Mapping Your Creative Territory

An essay by Joel Ryan in the context of the "Mapping Your Creative Territory" masterclass.

Music with eyes closed
Though I have seldom surrendered to the desire to visualize music, the emerging possibilities of computational graphics are difficult to resist. My audio autism has been pretty water tight, coming from a belief in the uniqueness of musical experience. Probably this phenomenological monism is just another version of the idea of "absolute" music, but mine is not so much a dogma as desire, a desire to create compelling music.

Descartes Dream
The rationale for this opening, is that I take geometry to be the formalization of specific kinds of personal imagination. I spend a lot of time visualizing when I write musical code. Visualizing models for the flow of sound and models of processing, visualizing relations of musical parameters and control structures. Computational Geometry is creating a competing locus to our internal visual imagination in mathematical simulation, allowing rich mathematical ideas to be more easily shared. The fact that this is a place where musical and visual representations can meet is truer than it has ever been. Their having common generative grounds in computation is exciting in that it is so easy for ideas to migrate between media.

Fear of Flying
There is also a negative motivation. That is to untangle the knots we tie ourselves in, in weaving our intricate digital instruments. I find the explosion of parameters to be difficult to cope with in performance. Since I can not separate the composing of music from musical practice I feel that this has a negative impact on our ability to make our technology musical. (i.e. if you cant play it, it"s not music; music without real access to the dynamics of performance is often just librarianship).
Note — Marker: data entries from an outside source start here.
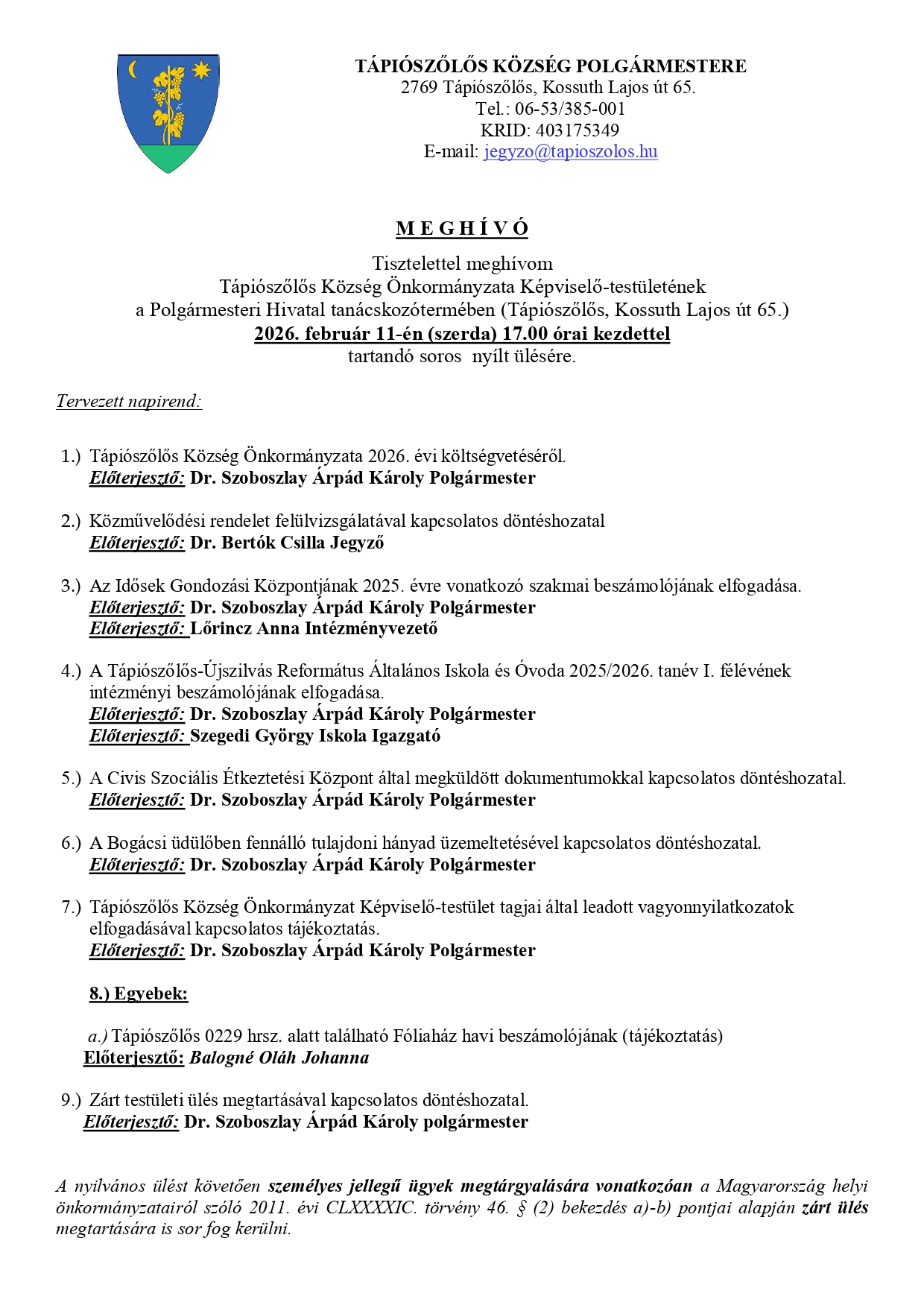 Polgármesteri Hivatal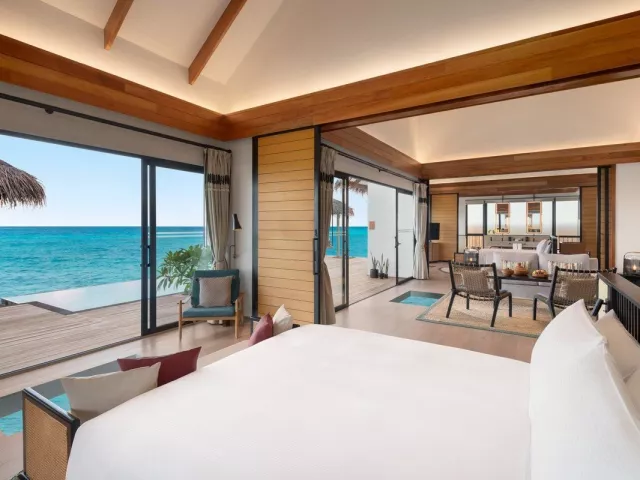 Rezort ponúka 109 víl, vrátane plážových a nadvodných víl, z ktorých každá má vlastný bazén a výhľad na oceán. Plážová vila s jednou spálňou má cca 138 m² a je vybavená manželskou posteľou, kúpeľňou so sprchou a vaňou, WC, fénom, župany, papučami, posedením, TV, klimatizáciou a vonkajším sedením s bazénom. Rodinná plážová vila tiež ponúka rovnaké vybavenie a zmestí až dvoch dospelých a dve deti do 12 rokov. Nadvodná vila s jednou spálňou má rovnaké vybavenie a priamy prístup do oceánu.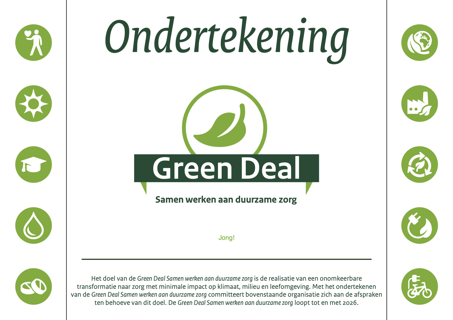 Jong Zorg onderstreept het belang van duurzaam ondernemen en heeft zich gecommitteerd aan de Green Deal 3.0. We hebben een oorkonde van ondertekening ontvangen, waarmee we duidelijk maken dat we met de Green Deal aan de slag gaan.
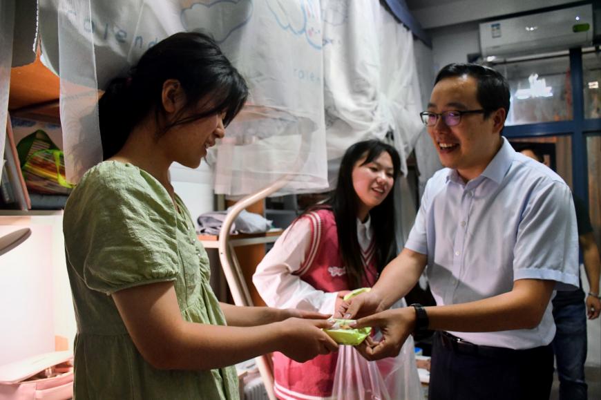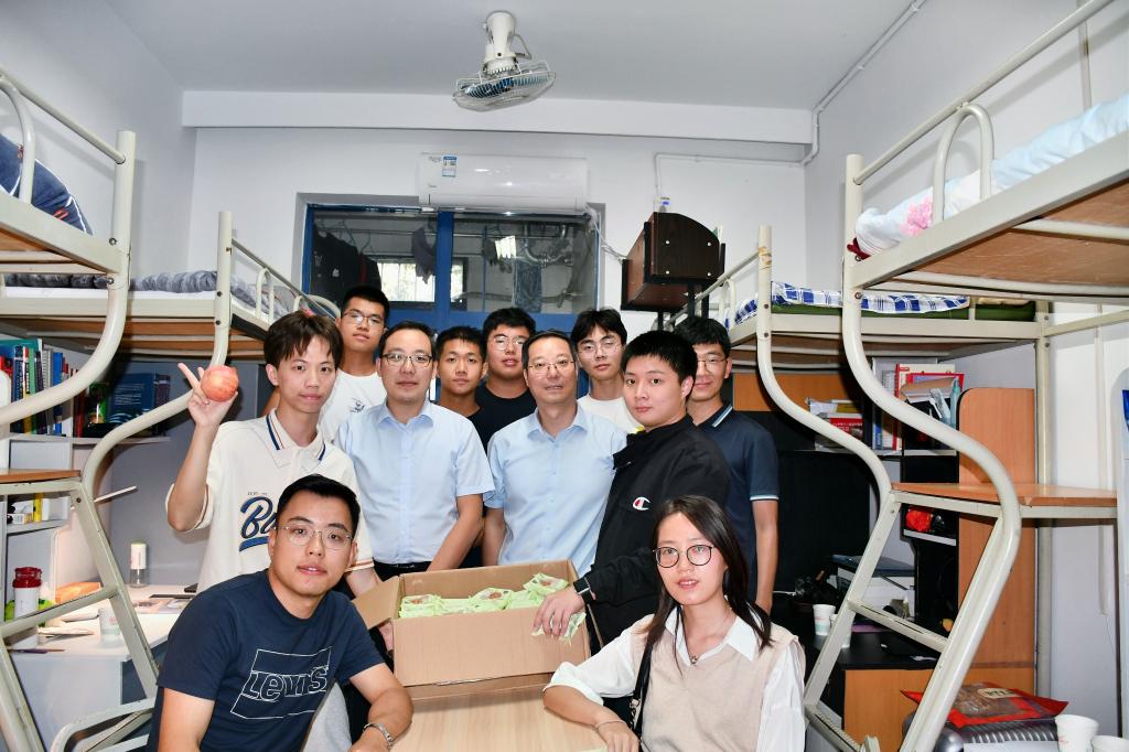 座谈结束后,学院领导一行来到学生宿舍,向同学们送上月饼、苹果等慰问品,和同学们团坐一堂,其乐融融。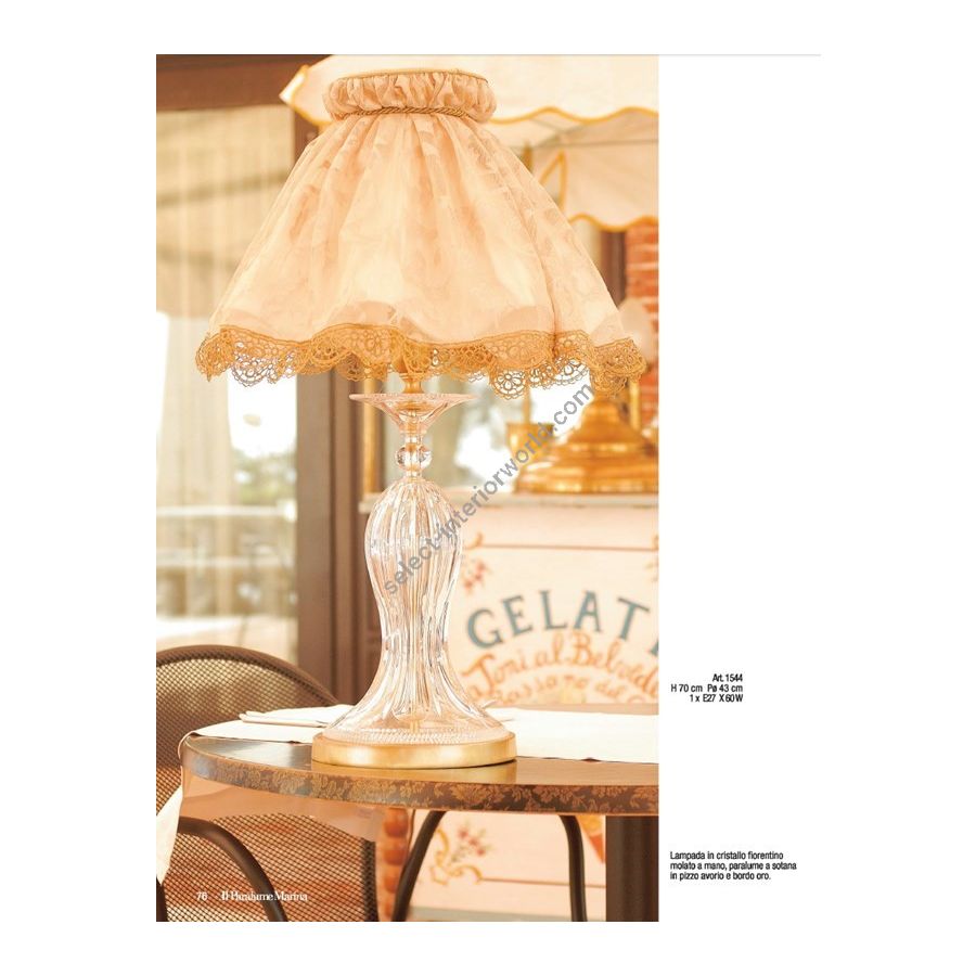 Lamp in hand-cut Florentine crystal, ivory lace skirt lampshade with gold edge. Lighting fixture that diffuses the light into the surrounding environment with great effect, creating a warm and welcoming atmosphere.

If there is help available from new work in sci. vis. we should take a serious look. Certainly much practical work these days in applied and theoretical science is completely dependent on viz driven tools. We should look at how this works and try to imagine a way to attain useful tools for composing and performance.

Navigation Aids
The high dimensional state space of the music engines we architect are almost impossible to navigate except by dead reckoning, swimming from one point to the next, crossing seas of nearly unchanging predictability and occasionally encountering the Trinidad's and Tahiti's of fabulousness. Its easy enough to save their coordinates but not so easy to see the big picture Ecco, I found it, but in fact where am I? In spaces of higher dimensions the connectivity is rich and opportunities for warped trajectories abound. We rapidly lose ourselves in the process, and this is partly what is musical focus. But while I can enjoy the slow incremental search, I feel audiences deserve a more rapid and elegant crossing. Map makers from Genoa or Antwerp are not much help. The experience of the overwhelming richness of possibilities for synthesis and signal processing includes the equally overwhelming lack of interesting representations. Methods for scaling and rendering multi dimensional data have expanded greatly recently to match the increase in computational power. Display graphics and animation have made the topological insights of the last 150 years available for the imaginationally impaired.

I propose we survey geometric and computational ideas being deployed in scientific visualization, that we enjoy the search and hopefully that we find opportunities for collaborative design of the particular tools we desire.